Sprawczyni ataku na papieża zapewnia, że nie chciała zrobić mu krzywdy

Sprawczyni ataku na papieża zapewnia, że nie chciała zrobić mu krzywdy

(fot. wikipedia) 
Niezrównoważona 25-letnia kobieta, która w czasie pasterki w bazylice świętego Piotra przeskoczyła przez barierkę ochronną i szarpiąc za papieski paliusz przewróciła Benedykta XVI, zapewniła, że nie chciała mu zrobić krzywdy - podała włoska agencja Ansa, powołując się na personel szpitala, w którym desperatka przebywa.

Tymczasem we Włoszech rozgorzała dyskusja, czy papież aby na pewno jest odpowiednio chroniony. Wielu Włochów łączy ten incydent z niedawnym atakiem na premiera Włoch Silvio Berlusconiego. Watykan uważa jednak, że papież nie może być chroniony tak, by zostać całkowicie odseparowanym od wiernych. Watykan ocenił, że nie podobnym incydentom nie sposób zapobiec.

Incydent przed pasterką

Przed wieczorną pasterką w bazylice św. Piotra w Watykanie niezrównoważona kobieta, próbując przedostać się do Benedykta XVI popchnęła go, przewracając na ziemię. Watykan poinformował, że kobieta, 25-letnia Susanna Maiolo narodowości włosko-szwajcarskiej, trafiła do szpitala na przymusowe badania w psychologiczne – podał w komunikacie rzecznik Watykanu ksiądz Federico Lombardi. Kobieta została zatrzymana zaraz po incydencie przez watykańskich żandarmów. Lombardi potwierdził również, że ta sama kobieta przed rokiem, także podczas pasterki, dokonała podobnego gestu, ale wówczas w trakcie przedzierania się do Benedykta XVI została w porę zatrzymana. Papież nie ucierpiał w rezultacie incydentu i nie dojdzie do żadnych zmian w programie uroczystości świątecznych – podkreślił ks.
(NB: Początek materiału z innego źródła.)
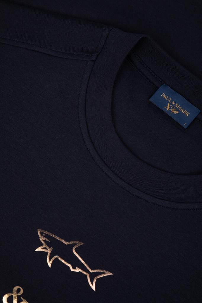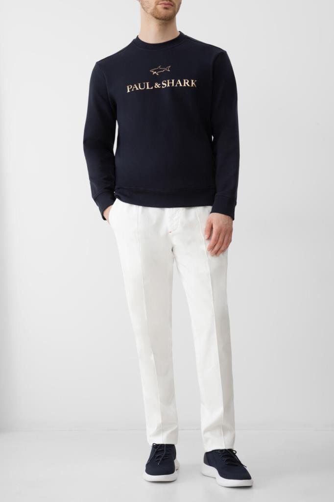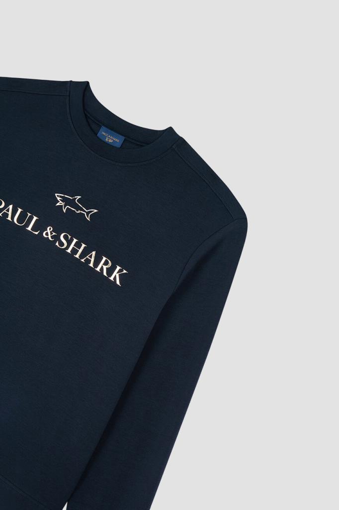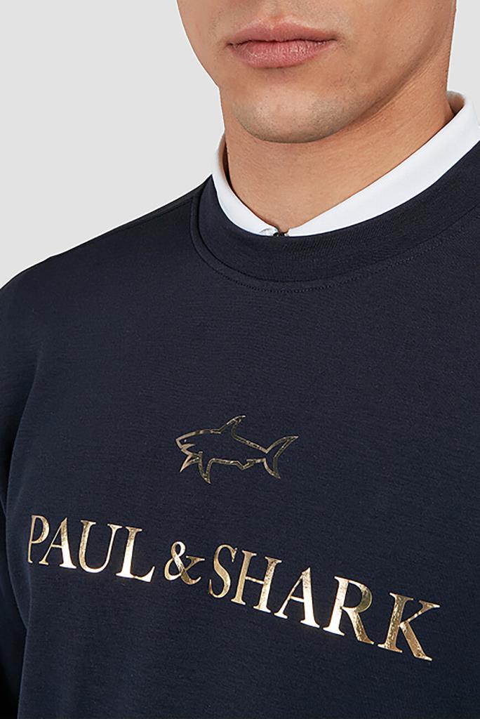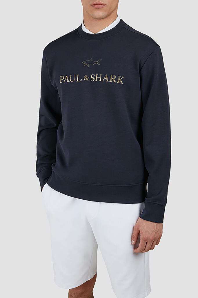 Свитшот тёмно-синего цвета от бренда Paul&Shark. Изделие прямого силуэта выполнено из эластичного трикотажа на основе хлопка и прочного нейлона с эксклюзивной мягкой обработкой X-Soft и круглым вырезом горловины на резинке. Модель в спортивном стиле декорирована крупным золотистым принтом со знаковыми изображением акулы и надписью-логотипом спереди. Свитшот добавит фирменный акцент в Ваши повседневные образы.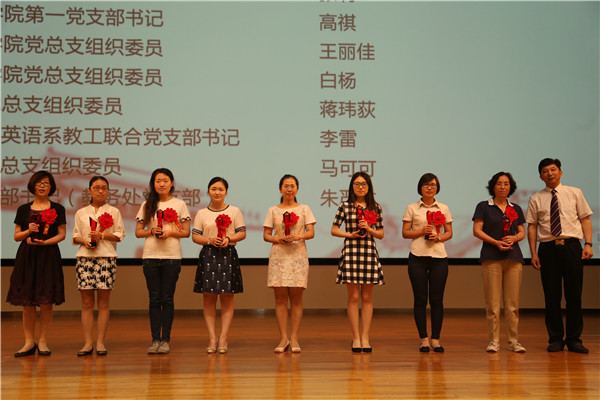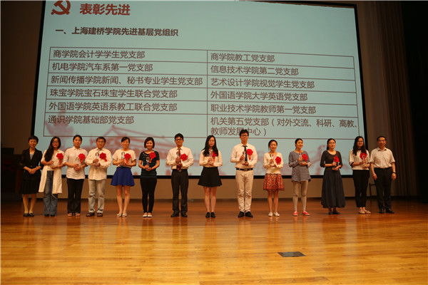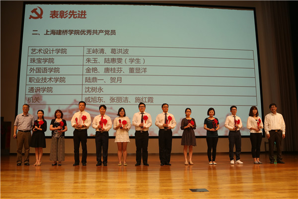 潘迎捷校长宣读了《关于表彰先进基层党组织、优秀共产党员及优秀党务工作者的决定》:信息技术学院党总支获市社会党委先进基层组织荣誉;冯修文获市教卫系统党委优秀共产党员;外国语学院英语系教工联合党支部等12个先进基层党组织、刘立华等26名优秀共产党员、曹艳萍等9位党务工作者受表彰。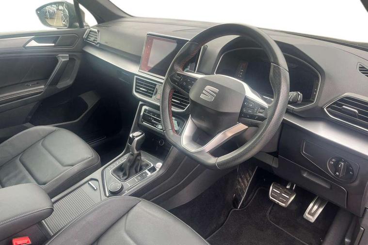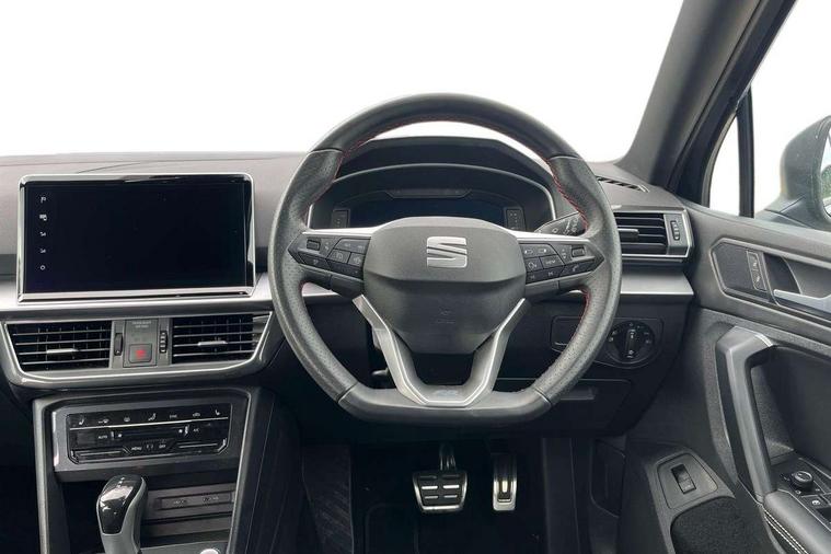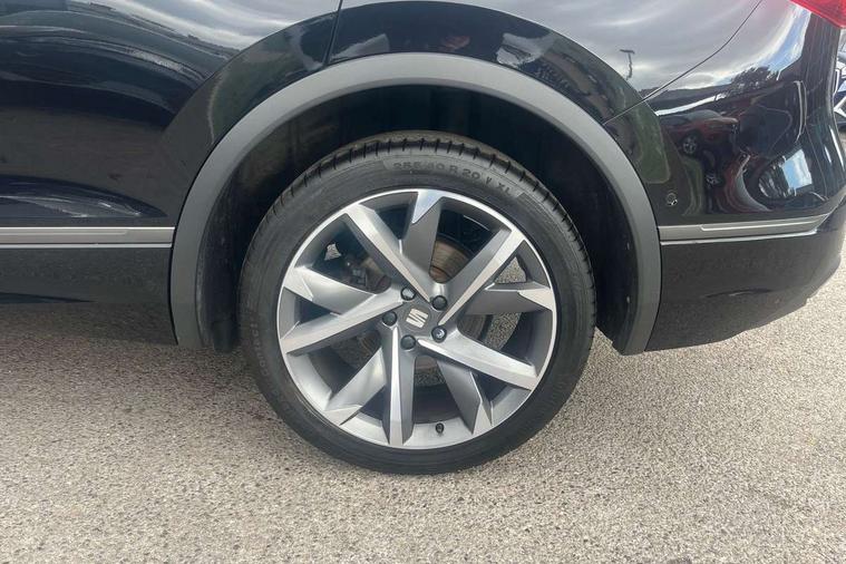 'Lights On' Reminder warning buzzer, 10.25" digital cockpit with multi function display, Adaptive cruise control with speed limiter, Bluetooth audio streaming with handsfree system, Digital clock, e-Call (emergency call), Front assist city emergency braking and pedestrian protection, Full Link Wireless Smartphone Integration with Mirror Link, Apple Car Play, Lane assist, Low fuel warning light, Outside temperature gauge, Power assist steering, RPM counter, Seat connect with safety, service, remote and online, SEAT Drive profile-4 different modes, progressive steering, 4Drive versions with off-road/snow, steering response, throttle response, gear shifts mode, Self parking functionality (includes front and rear parking sensors), Tailgate, Top view camera, Trip computer, Wash water level indicator, Comfort suspension, Sports rear shock absorption, XDS electronic differential lock, Navigation system with 9.2" colour touchscreen with proximity sensor, 3D Map display, DAB, AM/FM Radio, 3 USB (type C), Aux-in, 8 speakers, SD card, Steering wheel mounted audio/telephone controls, USB (type C) cable for Apple and Android compatibility, Auto dimming rear view mirror, Auto headlights with automatic coming and leaving home function, Automatic headlight adjustment, Black door mirrors, Black roof rails, Black window trims, Body coloured side skirts, Coast to coast lighting, Dark tinted rear windows, Dynamic rear indicators, Electric adjustable/heated/folding door mirrors with memory, Electric front/rear windows, Exterior black mouldings, Front grille frame in black, Front halogen fog lights with cornering function, Fuel door linked to central locking, Full LED headlights with LED rear lights, Illuminated aluminium front door sill with trim logo, LED daytime running lights, LED licence plate lighting, LED third brake light, Rain sensing wipers, Rear fog lights, Rear roof spoiler, Rear side wing doors, Rear wash/wipe, Sports bumpers, Twin exhaust pipes, Welcome lighting, 2 individual 3rd row seats, 3 seat bench in 2nd row, 3 zone climate control, Ambient spot lighting and front footwell illumination, Black interior roof, Centre armrest in front with air outlet in rear, Driver and passenger sunvisor with covered and illuminated mirror, Driver's electric lumbar adjustment, Easy fold rear seat system - second and third row, Electric driver's seat with memory, Forward and backward adjustable seats 2nd row, Four cargo rings in the boot, Front bucket seats, Front cupholders, Front integrated headrests, Front passenger seat lumbar adjustment, Front seat back storage pockets, Gear shift indicator, Heated front and outer rear seats, Height adjustable passenger seat, Illuminated boot, Illuminated glovebox, Instrument lighting with brightness control, ISOFIX points in outer 2nd row seats and front passenger seat with top tether anchorage points, Leather gear knob, Leather upholstery, Leather wrapped multifunction steering wheel, Luggage compartment floor with split function, Multicolour ambient lighting in front and rear door panels + LED lights in interior door handles, Rear armrest and easy back seat release mechanism from boot, Rear head restraints, Red stitching on front armrest, Single front passenger seat, Sliding boot cover, Sports front seats, Sports steering wheel, Three 12V sockets, 3x3 point rear seatbelts, ABS, Driver/front passenger airbag, Drivers knee airbag, Electronic parking brake with auto hold, Electronic stability control, Front passenger airbag deactivation, Front side airbags, Hill hold control, Manual rear child locks, Seatbelt reminders for all seats, Tiredness recognition system, Traction control, Two curtain airbags, Tyre pressure monitoring system, Alarm, Keyless enter and go with electric tailgate with virtual pedal, Locking wheel bolts, Power locking and remote control with two foldable keys and opening boot selector, Chrome interior detailing - door and dashboard decorative inserts, 20" 'Cosmo' Grey machined alloys wheels, Tool kit,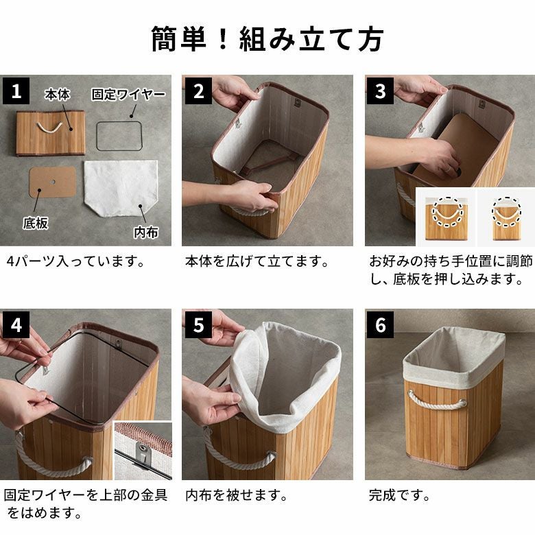 ・バンブー素材ならではの温かみのあるナチュラルデザインでお部屋に自然と馴染み、生活感をおしゃれに隠せます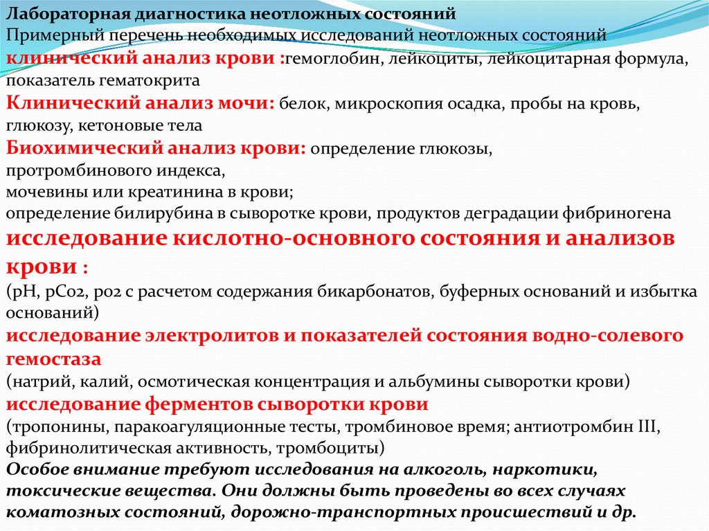 Лабораторная диагностика неотложных состоянийПримерный перечень необходимых исследований неотложных состояний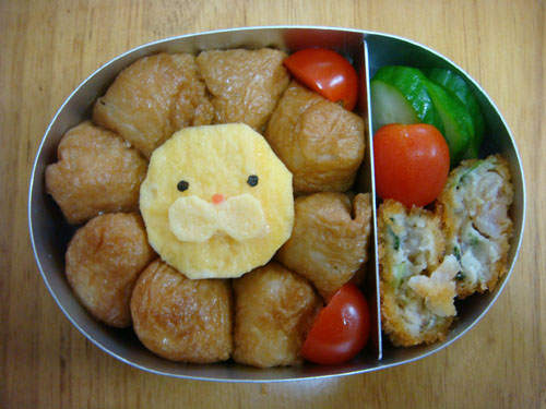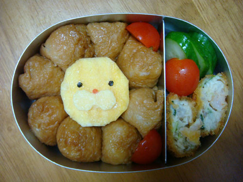顔の中心の黄色い部分は厚焼き卵。これを丸くカットしています。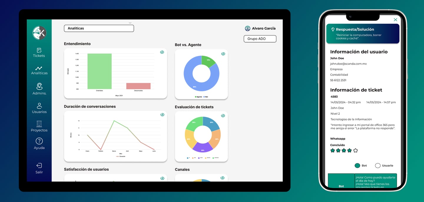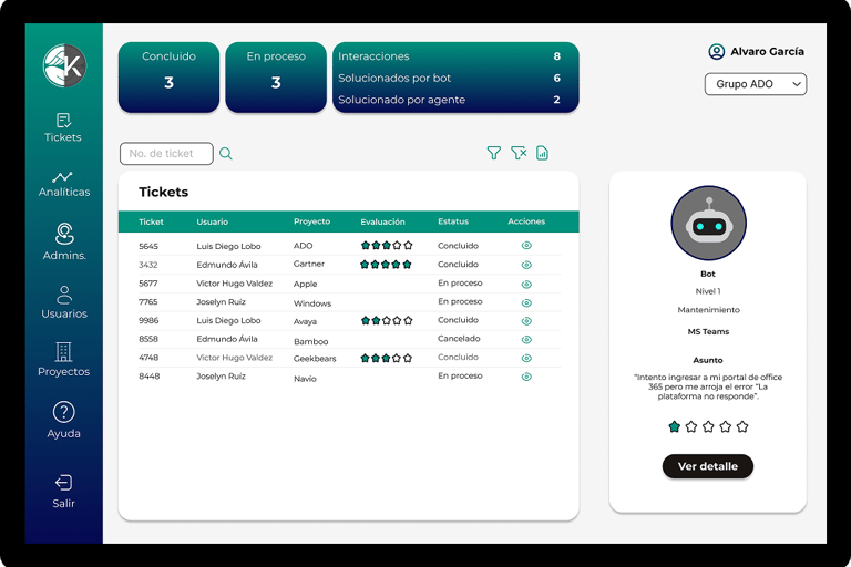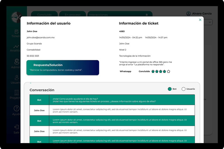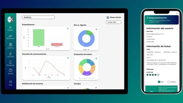 Al iniciar sesión el usuario final y el agente tienen, además de un registro de sus tickets de solución, distintos medios de comunicación para iniciar una conversación, en caso de que la IA no tenga la respuesta exacta, automáticamente la conversación es redigirida a un agente para una atención personalizada.
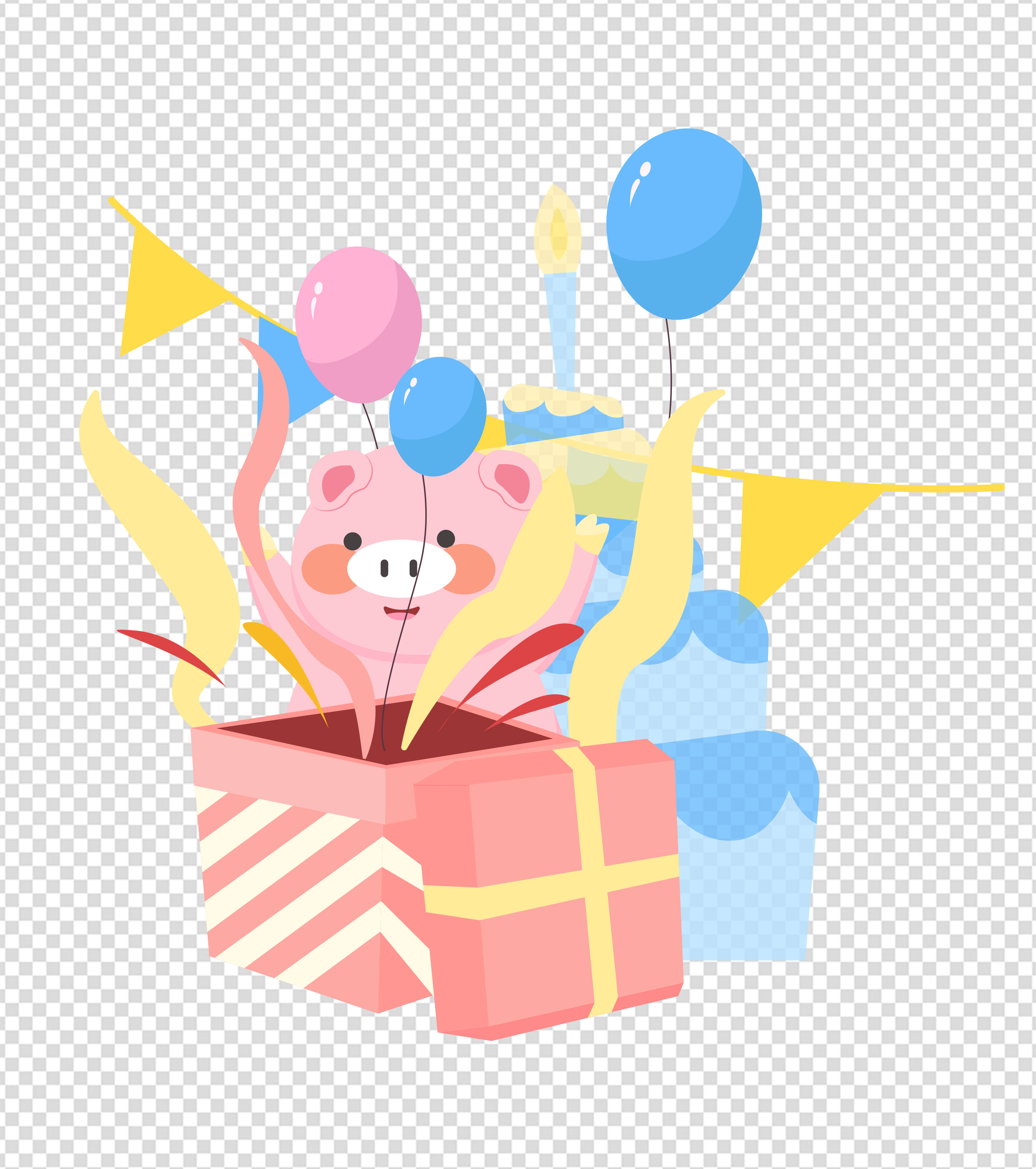 卡通小猪气球蛋糕生日元素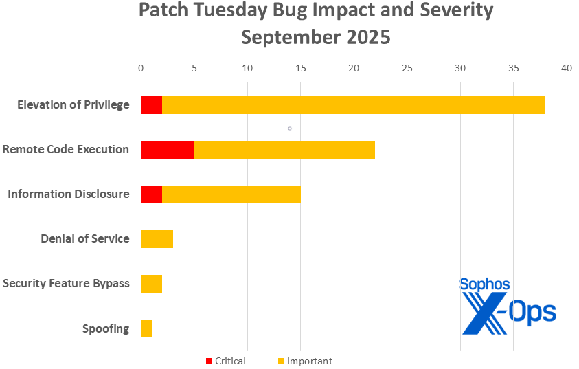 As is our custom for this list, CVEs that apply to more than one product family are counted once for each family they affect. We note, by the way, that CVE names don’t always reflect affected product families closely. In particular, some CVEs names in the Office family may mention products that don’t appear in the list of products affected by the CVE, and vice versa. (CVE-2025-54907, “Microsoft Office Visio Remote Code Execution Vulnerability,” is an excellent example of this for September; Visio does not appear in the list of products affected by this issue.)

Lombardi, dodając, że kobieta nie była uzbrojona.

Chciała się przytulić

Kobieta nagle wyskoczyła z tłumu, przedarła się przez barierki i rzuciła się w stronę papieża. Ten, potknął się i upadł. Na szczęście szybko zareagowała straż watykańska. Papież wstał i przeszedł do wnętrza bazyliki, gdzie rozpoczął celebrację mszy świętej. Prawdopodobnie chora psychicznie kobieta chciała przytulić się do papieża i nie zamierzała go atakować. W chaosie i zamieszaniu upadł także 87-letni kardynał Roger Etchegaray, który został przewieziony do szpitala. Kardynał ma złamaną kość udową. Teraz przebywa w szpitalu i przejdzie operację. Bazylikę opuścił również poruszający się na wózku inwalidzkim kardynał Andrzej Maria Deskur.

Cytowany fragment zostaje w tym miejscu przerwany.